Glancing around the reception area, she decided she’d finished decorating. The offices looked festive and welcoming but not over the top. “I’m calling it done,” she said, more to herself than Scott, who probably wasn’t listening anyway. “Any more would be too much.”
He gave a little start in response to her voice—honestly, had he forgotten she was even there?—then cleared his throat. “Um, Tess?”
Picking up an empty ornament box to stow away in a supply closet, she responded absently, “Yes?”
When he didn’t immediately reply, she glanced around to find him studying her with a frown. The way he was staring took her aback. Did she have something on her face? Glitter in her hair?
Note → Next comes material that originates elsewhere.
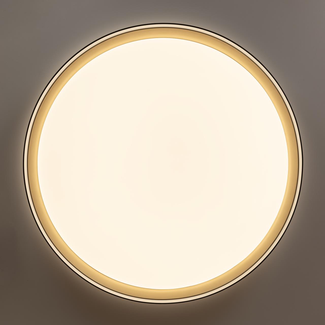 Светодиодный потолочный светильник от производителя Citilux относится к коллекции BOSS CL751451G с яркой цветной RGB подсветкой всего плафона. Основание металлическое, корпус из чёрного полимера с декоративным элементом в цвете матовое золото. Благодаря оригинальной конструкции, круглый светильник равномерно освещает помещение и дополнительно подсвечивает потолок, что придаёт пространству дополнительный объём.Мощность изделия 68Вт, световой поток 5800Лм. С помощью пульта дистанционного управления вы сможете плавно регулировать яркость 10% - 100%, менять цветовую температуру в диапазоне 3000K - 5500K, что позволяет настроить любые оттенки теплого, нейтрального или холодного света. Цветная подсветка RGB имеет несколько режимов работы, погружая ваше пространство в яркие и насыщенные тона. Функция таймера - отсроченного выключения и 4 настраиваемых режима памяти позволяют управлять светильником максимально комфортно. Заказывайте CL751451G по лучшей стоимости с быстрой доставкой. Производитель Citilux дает гарантию на свои товары . Данную модель CL751451G спешите купить в интернет-магазине 220svet.

She thought he might look just this way at finding a stranger in his reception room.
“Scott?”
He blinked, then glanced quickly around them. “Not here,” he muttered, apparently to himself, then addressed her again. “Have you eaten?”
“I was going to stop for takeout on my way home.”
“Want to share a pizza at Giulia’s? There’s something I’d like to discuss with you.”
It wasn’t unusual for them to share a meal after working late, and the nearby casual Italian place was one of their customary destinations. Because she had no other plans for the evening, she nodded. “Sure. I’ll just grab a notebook.”